■ **Work task**:
Among the entries below, the lines from the one with "Mås vid spegel." up to and including the one with "Geomagnetic storm forecast" are to be restated exactly, without pictures.

■ **The data**:
=-=-=-=-=

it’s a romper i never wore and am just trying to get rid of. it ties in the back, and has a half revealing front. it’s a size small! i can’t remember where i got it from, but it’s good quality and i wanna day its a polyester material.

=-=-=-=-=

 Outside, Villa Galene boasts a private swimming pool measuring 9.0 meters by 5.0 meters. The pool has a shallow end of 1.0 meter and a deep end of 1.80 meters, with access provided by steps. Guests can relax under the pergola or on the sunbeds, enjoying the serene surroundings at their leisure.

=-=-=-=-=

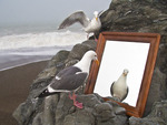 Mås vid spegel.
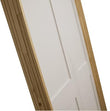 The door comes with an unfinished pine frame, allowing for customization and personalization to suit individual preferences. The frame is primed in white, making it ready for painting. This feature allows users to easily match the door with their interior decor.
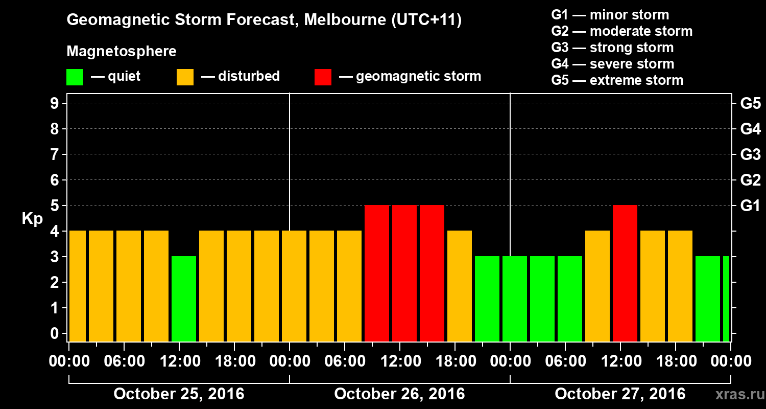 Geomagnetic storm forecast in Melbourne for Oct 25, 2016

=-=-=-=-=

■ **Exercise result**:
 Mås vid spegel.
 The door comes with an unfinished pine frame, allowing for customization and personalization to suit individual preferences. The frame is primed in white, making it ready for painting. This feature allows users to easily match the door with their interior decor.
 Geomagnetic storm forecast in Melbourne for Oct 25, 2016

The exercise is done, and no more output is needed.